What got these individual companies in trouble was that the corporate leaders were saying some things publicly (prospects are great), but were apparently believing something else (we need to find some earnings or I’m selling stock now). Wouldn’t it be great if that were cognitively impossible?
Don’t laugh. A recent New Yorker article chronicled a linguistic expert’s experiences with an obscure Amazonian tribe called the Piraha, a tribe that appears to live entirely in lingustic and intellectual present tense. They exhibit virtually no memory functions—there are no handed down generational traditions, no food storage (what drought last year?) Additionally, when hunting and a member of the hunting party goes around the river bend, there is no verbal notation for his whereabouts (like he’s “upriver” or he is ahead of us) ---he is simply gone, literally out of sight, out of mind. Now imagine the Piraha CEO—he only knows or only has linguistic facility to say what is going on today, right now, and that is what he will tell you. He cannot reinterpret the past (backdating stock options would be impossible) and he certainly cannot tell you the future—no rosy forecasts from this fellow!

So let us return to the common language we share—what is going on in the economy that explains where asset prices are now and what that may mean for the future. A good place to start is with inflation. Long time U.S. investors recognize that the real enemy for most U.S. policymakers is deflation, where the inevitable end to a bad recession begets, (shall we say it?), a depression.
Therefore, the inevitable conclusion is that the U.S. Central Bank (known to most as the Federal Reserve or the “Fed”), tolerates a certain amount of price inflation in managing against economic slowdowns.

The question of course is, has that tick-up in prices in the fall of 2005 become “sticky” and are we revisiting another ramp up right now? This is a key issue, because the Fed wants to be able to cut interest rates when the economy slows appreciably, which may have already begun.
The situation is a lot more complicated than January 2001, the last time the Fed began cutting interest rates in the U.S. For starters, many big American multinational corporations are exceeding earnings expectations because their international business is going gangbusters.

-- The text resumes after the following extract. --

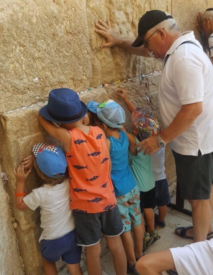 Terug naar Jeruzalem, ga ik graag naar de Klaagmuur. Gebouwd volgens de VN in 1967. Ooit ging ik daarheen met vrouw en drie kinderen. Nu komen we met de hele bups: alle 7 kleinkinderen en met de vijf oudsten heb ik al een routine, hoe we bij de Klaagmuur even een moment hebben voor onze gedachten tegenover de Almachtige:

Second, and this has been a recurrent theme here, global economic growth has outpaced U.S. growth for a while now—and there are no signs that this is about to reverse.
The clear implication is that we need to stick by our secular investment forecast—oil and materials will stay in demand (global and large company prospects) and equities and short term fixed income assets are going to outperform bonds. We will stay overweight in foreign markets because we believe that there are better growth prospects there.
Stock analysts and some money managers are trained to hang onto every word of corporate spokesmen, and then look for interpretation and meaning. But there is no common language where everything becomes clear and everything is right in front of you. This is because our languages are suffused with thoughts and phrases reflecting the personal experiences and future desires of the speakers. Maybe the Piraha have got it right: there is no reason for past or future tense because only the present counts for anything.